After sitting some time the royal visitors returned to the palace, where the queen said to the prince, in great anger: “My son, I gave the box of jewels to the ridiculous young person in question; and, while she was courteous in receiving it from me, it was given at once to her kitchen servants. After that, no matter how I addressed her, there was no answer vouchsafed. She seemed unconscious, absolutely, [[221]]of my presence. I was obliged to return without an answer for you. My son, you are no longer a child. Henceforth you must attend to your own heart troubles.”
The prince retired to his own room and grieved all that day. The next morning he approached his mother again and, after kissing her hand three times, said: “O, my most revered queen mother! You hold my fate in your hands. You are a woman. Can you not find some way to the heart of this other woman for me?”
It was her only son who pleaded before the queen; and she, loving him greatly, turned the matter over in her mind, until thoughts of a very valuable string of pearls—which were her own private property—came to her.
“I will give her the pearls,” she said to the prince. “We will see what she will do with them.”
The grateful young man kissed both of his mother’s hands; after which she laid the pearls out beautifully in their casket, called her minister of state, and again went to the house across the way.
As upon the previous occasion, she was received with grave courtesy by the young princess; to whom she delivered the pearls, along with a more pressing message from the prince.
The young woman received the casket most graciously, [[222]]opened it, turned to her pet parrot—which hung in a cage near at hand—held before it the box in which the beautiful pearls were lying, and waited, silently, while the bird ate every one of them; grinding each, with a crackling sound, in his bill and swallowing it as if priceless pearls made his regular morning repast.
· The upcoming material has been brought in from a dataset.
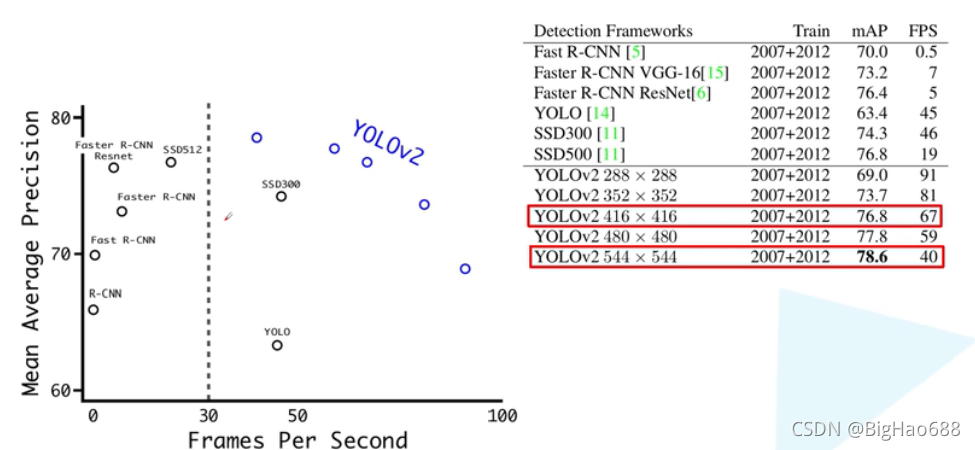 在原论文当中,使用pascal voc 2007数据集以及imagent数据集联合训练,最后能检测的类别超过9000,所以原论文名叫作YOLO9000。yolov2相比于yolov1,变强大了很多。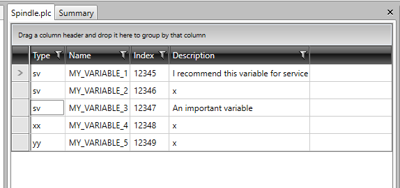 <Grid xmlns:telerik="http://schemas.telerik.com/2008/xaml/presentation"> <Grid.RowDefinitions> <RowDefinition Height="Auto"/> <RowDefinition Height="*"/> </Grid.RowDefinitions> <telerik:RadGridView Grid.Row="0" ItemsSource="{Binding Variables}" GroupRenderMode="Nested" AutoExpandGroups="True" AutoGenerateColumns="False"> <telerik:RadGridView.Columns> <telerik:GridViewDataColumn DataMemberBinding="{Binding Type}" Header="Type" IsGroupable="True"/> <telerik:GridViewDataColumn DataMemberBinding="{Binding Name}" Header="Name" IsGroupable="False"/> <telerik:GridViewDataColumn DataMemberBinding="{Binding Index}" Header="Index"/> <telerik:GridViewDataColumn DataMemberBinding="{Binding BriefDescription}" Header="Description" IsGroupable="True"/> </telerik:RadGridView.Columns> <telerik:RadGridView.GroupDescriptors> <telerik:GroupDescriptor Member="BriefDescription" SortDirection="Ascending" /> </telerik:RadGridView.GroupDescriptors> </telerik:RadGridView> </Grid>Any ideas?

In open-mouthed astonishment the queen looked on; then, without having the ability to utter a word, she arose, swept from the room, and, with her minister of state, returned to the palace, from which the prince came running to meet her, saying:
“Ai, mother, most honored and beloved! Hasten! Tell me what thou hast to tell this time!”
“Ai, my son! Conquer this foolish madness, or no one is wise enough to foretell what will become of us. When I gave the matchless pearls—my most precious possession—into the hands of this mad creature, she received them courteously, but immediately fed them—as if they had been so many kernels of wheat—to her parrot, who swung in a cage near at hand. I could not speak for rage!”